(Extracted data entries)
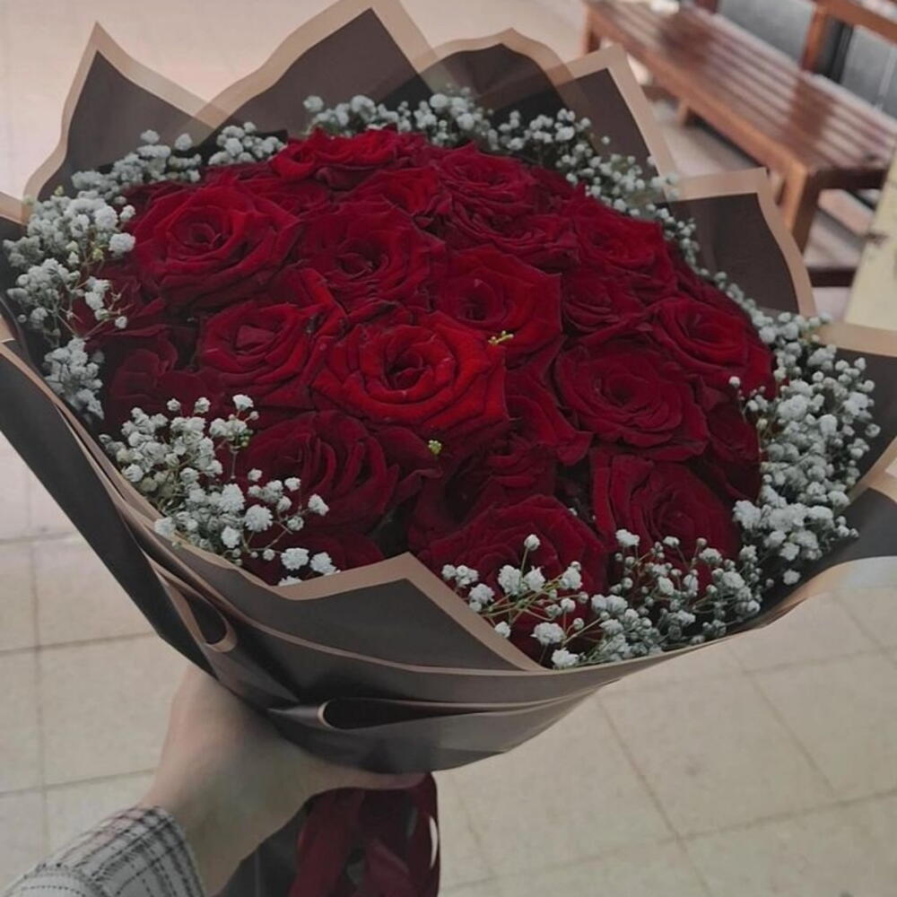 Gypsophila - 3 pce roses rouges premium - 20 pce
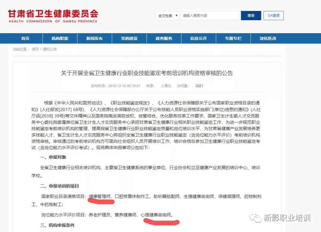 健康管理师是国家第四批正式发布的新职业,自2017年11月份正式由人社部划至国家卫健委并由国家卫健委开展全国职业技能鉴定工作。为了积极响应国务院印发《关于促进健康服务业发展的若干意见》(【2013】40 号)第七条明确要求健全人力资源保障机制,规范并加快培养健康管理师等从业人员以及推动《健康中国2030》战略,满足我国健康管理行业快速发展以及对健康管理人才和相应资质认证的迫切需求,切实做好城乡居民健康管理工作,提升基层医疗机构服务水平和健康体检质量管理水平,加强健康管理人才队伍建设,国家卫生计生委人才交流服务中心负责开展《健康管理师》的职业技能鉴定相关工作,是该职业国家职业资格唯一的认证单位,甘肃新影职业培训学校甘肃省认定的考前培训机构,卫健委《健康管理师》国家职业资格鉴定考试培训报名招生中...
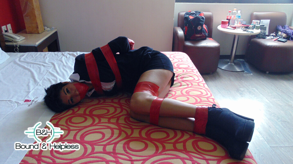 Justine is a business woman who is tied up and gagged with red tape. A pantie in her mouth prevents her from calling for help.
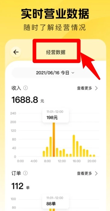 点击“经营数据”选项,即可查看当日的收入及订单详细情况;借助柱状图,还能直观了解不同时段的运营状态。
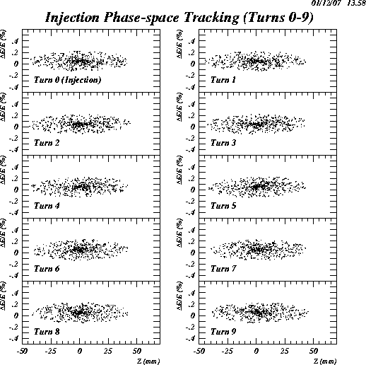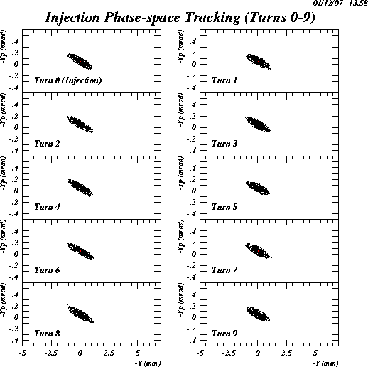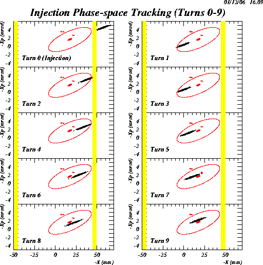 The simulation appears include the effect of the injected bunch merging with the stored beam over the first nine turns in horizontal phase space.
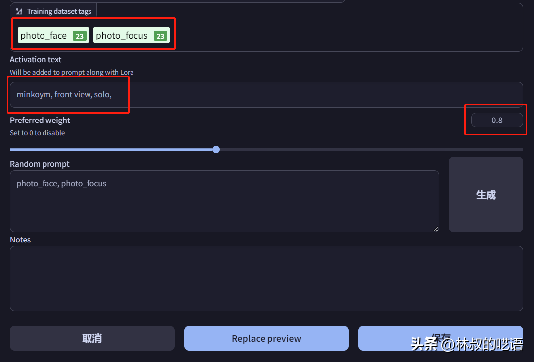 训练集使用的tag自动读取,很有借鉴意义。你也可以填上触发词和最佳权重,保存之后备用。
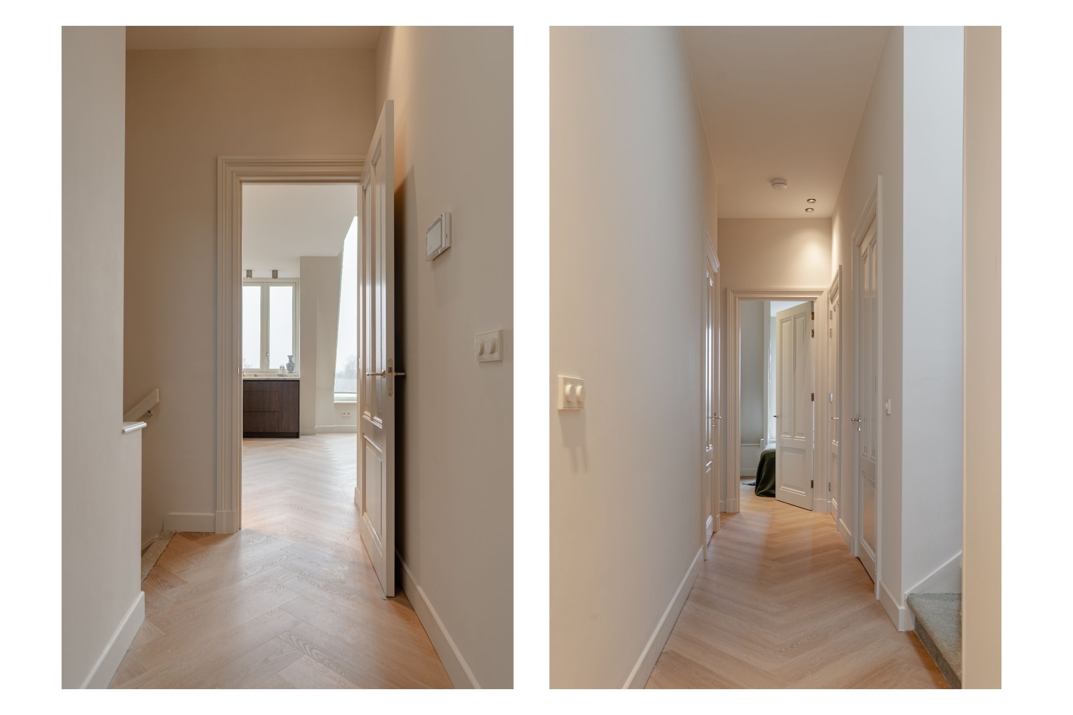 This luxurious apartment is located on the fourth floor and is characterised by a spacious and light-filled design, featuring high ceilings and striking, angled skylights at the rear. These large windows give the apartment a distinctive character and provide exceptional natural light throughout the day, along with open, green views across the city. The living room and kitchen are situated at the rear of the apartment and together form one generous living space. The unique roof structure, combined with the large skylights, creates an open and architecturally interesting atmosphere with abundant daylight and attractive sightlines. There is ample space for both a comfortable seating area and a large dining table. The luxurious kitchen is finished in a sleek and timeless design and integrates seamlessly with the living area. It is equipped with an induction hob, sink with Quooker, combi oven, climate cabinet, dishwasher, separate refrigerator and freezer, and offers generous workspace and storage capacity. At the front of the apartment are two well-proportioned and quietly located bedrooms. The master bedroom features an en-suite bathroom fitted with a walk-in shower and a double washbasin with vanity unit. Centrally located on the landing is the second bathroom, also equipped with a walk-in shower and a washbasin with vanity unit. In addition, there is a separate toilet and practical built-in storage. The roof terrace is accessible via an internal staircase. This spacious terrace offers a high level of privacy and has been structurally prepared for the installation of a jacuzzi, including a double electrical group. Provisions have also been made for an outdoor shower (water connection) and for the installation of an outdoor kitchen (water and electricity connections), making this outdoor space a valuable extension of the living comfort.
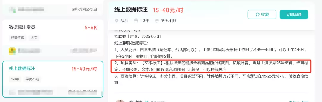 我也去试去BOSS直聘搜了一下,关键词搜“数据标注员”、“信息采集员”这些,工资一般标个四五千,也有高一点的,但那种大多也只是写得好看。
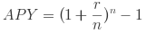APY= (1 + r/n )^n – 1, In which: r = interest rate n = number of compounding periods. If you deposit for one year at 5% interest and your deposit was compounded monthly, the APY would be (1 + 0.05/12 )^12 – 1 = 0.051162 = 5.1162%
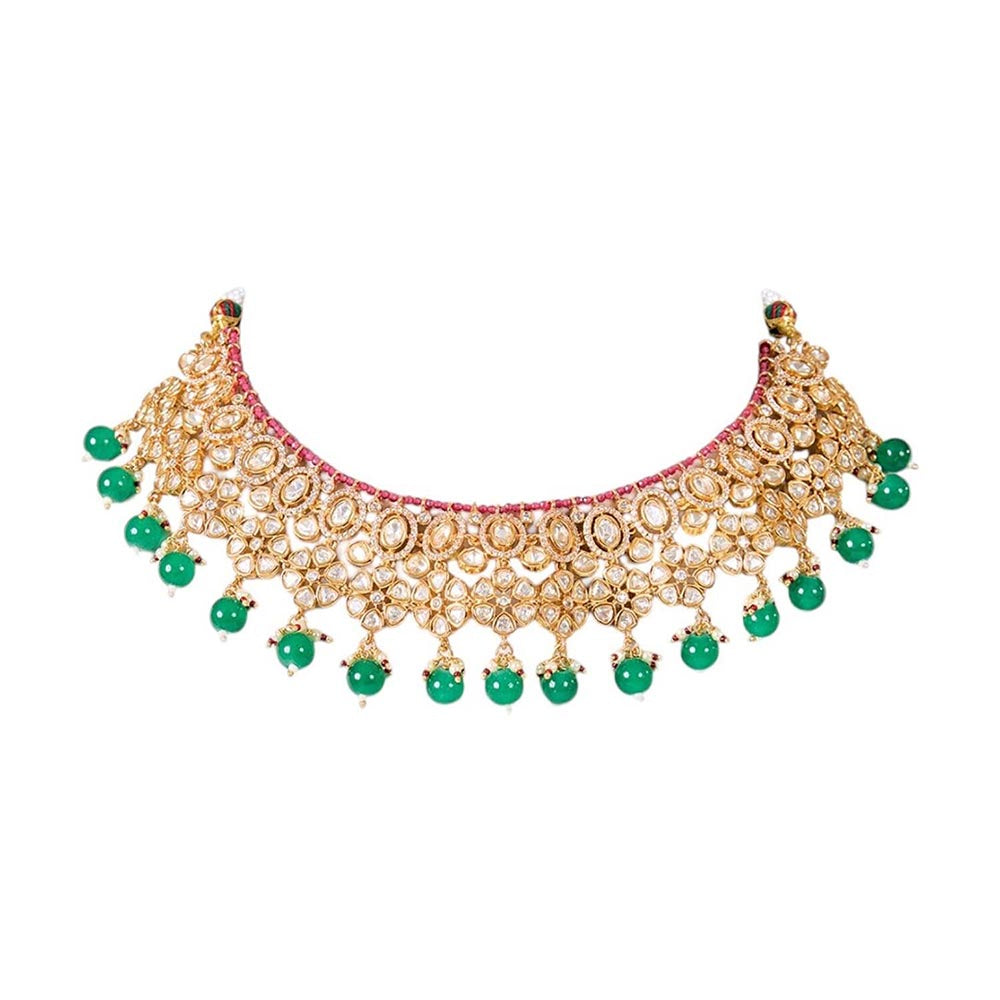 Traditional Gold-Plated Green Beads Kundan Choker Jewellery Set
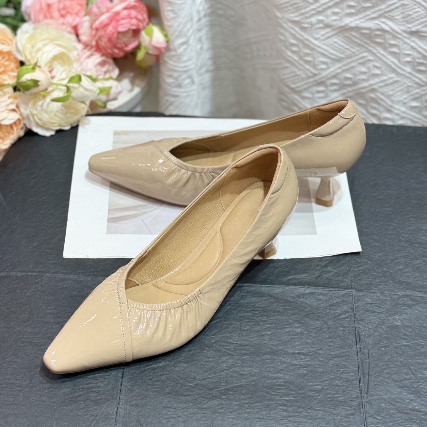 高跟鞋 羊皮版 子 新款 气质裸色浅口法式 内增高尖头单鞋 女2025爆款
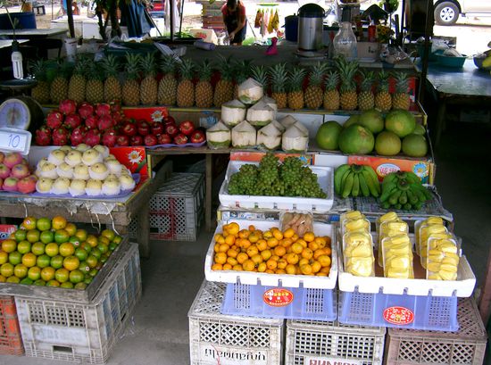 der "Obststand". Hier holen wir uns taeglich frische Ananas, Bananen, Grapefruit etc. Einfach lecker. Hier schmeckt es noch so, wie es aussieht
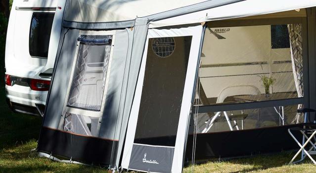 Ever had trouble finding room for an awning and a front sun canopy? It can often be hard to find the space on some camping sites for a 3-meter awning, such as a Commodore, and a standard front sun canopy with a depth of 2.25 meters. We’ve therefore developed the Mini Eclipse, which is just 1.5 meters deep.
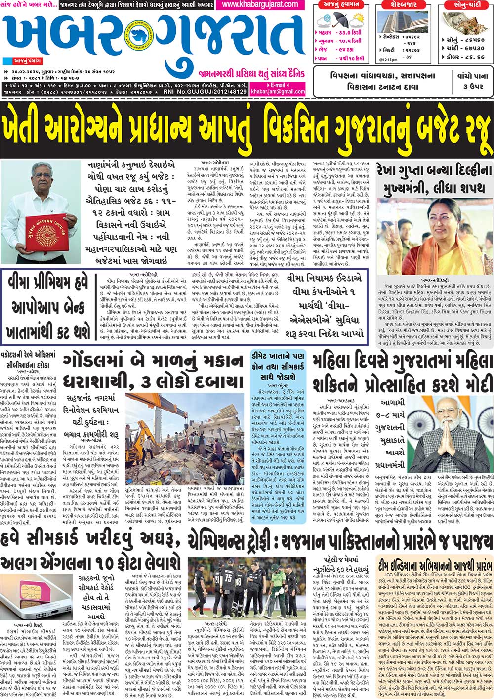 HomeepaperKhabar Gujarat Date 20-02-2025 Epaper epaper Khabar Gujarat Date 20-02-2025 Epaper February 20, 2025 Share FacebookTwitterWhatsAppTelegram - Advertisement - Share FacebookTwitterWhatsAppTelegram Previous articleજામનગરના વેપારીની પેઢીમાં રૂા.37 કરોડના બીલો બનાવી નાખ્યાNext articleજામનગરમાં પ્રૌઢ એન તેના પુત્ર સહિત ત્રણ વ્યક્તિઓ ઉપર હુમલો RELATED ARTICLES epaper Khabar Gujarat Date 05-12-2025 Epaper December 5, 2025 epaper Khabar Gujarat Date 04-12-2025 Epaper December 4, 2025 epaper Khabar Gujarat Date 03-12-2025 Epaper December 3, 2025 - Advertisment - Most Popular જામનગરમાં જુતાકાંડ અંગે શું કહ્યું ગોપાલ ઈટાલીયાએ..?? – VIDEO December 5, 2025 જામનગરની સભામાં AAPના ધારાસભ્ય ગોપાલ ઈટાલીયા પર બુટ નો ઘા…. – VIDEO December 5, 2025 જામનગરમા ચૂંટણી પહેલા કોંગ્રેસને મોટો ઝટકો, AAPમાં મોટી સંખ્યામા કોગ્રેસના કાર્યકરો જોડાયા – VIDEO December 5, 2025 આવતીકાલે ઇલેક્ટ્રિક ફોર્મ્યુલા કારની રેસ થશે. શું ભારતીય ટીમ સારું પ્રદર્શન કરશે? બધાની નજર આ રેસર્સ પર છે. December 5, 2025 Load more
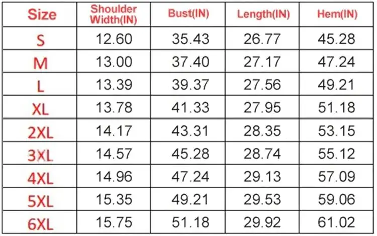 - Size: S,M,L,XL,XXL,3XL,4XL,5XL,6XL
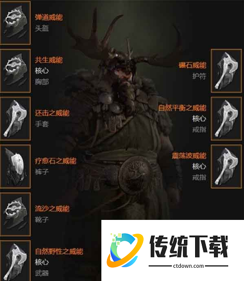 核心思路:3召唤+1范围AOE,最大化召唤物输出。 特色:主手提供攻速/移速加成,弥补近战贴脸需求,输出稳定但需贴身战斗。 对比:不同于死灵法师的远程召唤,德鲁伊需主动靠近敌人触发AOE。 适用场景:持久战或需要持续压制的副本。

» WORK TASK: The records above should be repeated exactly, with no pictures in the copy.

» PROBLEM SOLUTION:
 Gypsophila - 3 pce roses rouges premium - 20 pce
 健康管理师是国家第四批正式发布的新职业,自2017年11月份正式由人社部划至国家卫健委并由国家卫健委开展全国职业技能鉴定工作。为了积极响应国务院印发《关于促进健康服务业发展的若干意见》(【2013】40 号)第七条明确要求健全人力资源保障机制,规范并加快培养健康管理师等从业人员以及推动《健康中国2030》战略,满足我国健康管理行业快速发展以及对健康管理人才和相应资质认证的迫切需求,切实做好城乡居民健康管理工作,提升基层医疗机构服务水平和健康体检质量管理水平,加强健康管理人才队伍建设,国家卫生计生委人才交流服务中心负责开展《健康管理师》的职业技能鉴定相关工作,是该职业国家职业资格唯一的认证单位,甘肃新影职业培训学校甘肃省认定的考前培训机构,卫健委《健康管理师》国家职业资格鉴定考试培训报名招生中...
 Justine is a business woman who is tied up and gagged with red tape. A pantie in her mouth prevents her from calling for help.
 点击“经营数据”选项,即可查看当日的收入及订单详细情况;借助柱状图,还能直观了解不同时段的运营状态。
 The simulation appears include the effect of the injected bunch merging with the stored beam over the first nine turns in horizontal phase space.
 训练集使用的tag自动读取,很有借鉴意义。你也可以填上触发词和最佳权重,保存之后备用。
 This luxurious apartment is located on the fourth floor and is characterised by a spacious and light-filled design, featuring high ceilings and striking, angled skylights at the rear. These large windows give the apartment a distinctive character and provide exceptional natural light throughout the day, along with open, green views across the city. The living room and kitchen are situated at the rear of the apartment and together form one generous living space. The unique roof structure, combined with the large skylights, creates an open and architecturally interesting atmosphere with abundant daylight and attractive sightlines. There is ample space for both a comfortable seating area and a large dining table. The luxurious kitchen is finished in a sleek and timeless design and integrates seamlessly with the living area. It is equipped with an induction hob, sink with Quooker, combi oven, climate cabinet, dishwasher, separate refrigerator and freezer, and offers generous workspace and storage capacity. At the front of the apartment are two well-proportioned and quietly located bedrooms. The master bedroom features an en-suite bathroom fitted with a walk-in shower and a double washbasin with vanity unit. Centrally located on the landing is the second bathroom, also equipped with a walk-in shower and a washbasin with vanity unit. In addition, there is a separate toilet and practical built-in storage. The roof terrace is accessible via an internal staircase. This spacious terrace offers a high level of privacy and has been structurally prepared for the installation of a jacuzzi, including a double electrical group. Provisions have also been made for an outdoor shower (water connection) and for the installation of an outdoor kitchen (water and electricity connections), making this outdoor space a valuable extension of the living comfort.
 我也去试去BOSS直聘搜了一下,关键词搜“数据标注员”、“信息采集员”这些,工资一般标个四五千,也有高一点的,但那种大多也只是写得好看。
APY= (1 + r/n )^n – 1, In which: r = interest rate n = number of compounding periods. If you deposit for one year at 5% interest and your deposit was compounded monthly, the APY would be (1 + 0.05/12 )^12 – 1 = 0.051162 = 5.1162%
 Traditional Gold-Plated Green Beads Kundan Choker Jewellery Set
 高跟鞋 羊皮版 子 新款 气质裸色浅口法式 内增高尖头单鞋 女2025爆款
 der "Obststand". Hier holen wir uns taeglich frische Ananas, Bananen, Grapefruit etc. Einfach lecker. Hier schmeckt es noch so, wie es aussieht
 Ever had trouble finding room for an awning and a front sun canopy? It can often be hard to find the space on some camping sites for a 3-meter awning, such as a Commodore, and a standard front sun canopy with a depth of 2.25 meters. We’ve therefore developed the Mini Eclipse, which is just 1.5 meters deep.
 HomeepaperKhabar Gujarat Date 20-02-2025 Epaper epaper Khabar Gujarat Date 20-02-2025 Epaper February 20, 2025 Share FacebookTwitterWhatsAppTelegram - Advertisement - Share FacebookTwitterWhatsAppTelegram Previous articleજામનગરના વેપારીની પેઢીમાં રૂા.37 કરોડના બીલો બનાવી નાખ્યાNext articleજામનગરમાં પ્રૌઢ એન તેના પુત્ર સહિત ત્રણ વ્યક્તિઓ ઉપર હુમલો RELATED ARTICLES epaper Khabar Gujarat Date 05-12-2025 Epaper December 5, 2025 epaper Khabar Gujarat Date 04-12-2025 Epaper December 4, 2025 epaper Khabar Gujarat Date 03-12-2025 Epaper December 3, 2025 - Advertisment - Most Popular જામનગરમાં જુતાકાંડ અંગે શું કહ્યું ગોપાલ ઈટાલીયાએ..?? – VIDEO December 5, 2025 જામનગરની સભામાં AAPના ધારાસભ્ય ગોપાલ ઈટાલીયા પર બુટ નો ઘા…. – VIDEO December 5, 2025 જામનગરમા ચૂંટણી પહેલા કોંગ્રેસને મોટો ઝટકો, AAPમાં મોટી સંખ્યામા કોગ્રેસના કાર્યકરો જોડાયા – VIDEO December 5, 2025 આવતીકાલે ઇલેક્ટ્રિક ફોર્મ્યુલા કારની રેસ થશે. શું ભારતીય ટીમ સારું પ્રદર્શન કરશે? બધાની નજર આ રેસર્સ પર છે. December 5, 2025 Load more
 - Size: S,M,L,XL,XXL,3XL,4XL,5XL,6XL
 核心思路:3召唤+1范围AOE,最大化召唤物输出。 特色:主手提供攻速/移速加成,弥补近战贴脸需求,输出稳定但需贴身战斗。 对比:不同于死灵法师的远程召唤,德鲁伊需主动靠近敌人触发AOE。 适用场景:持久战或需要持续压制的副本。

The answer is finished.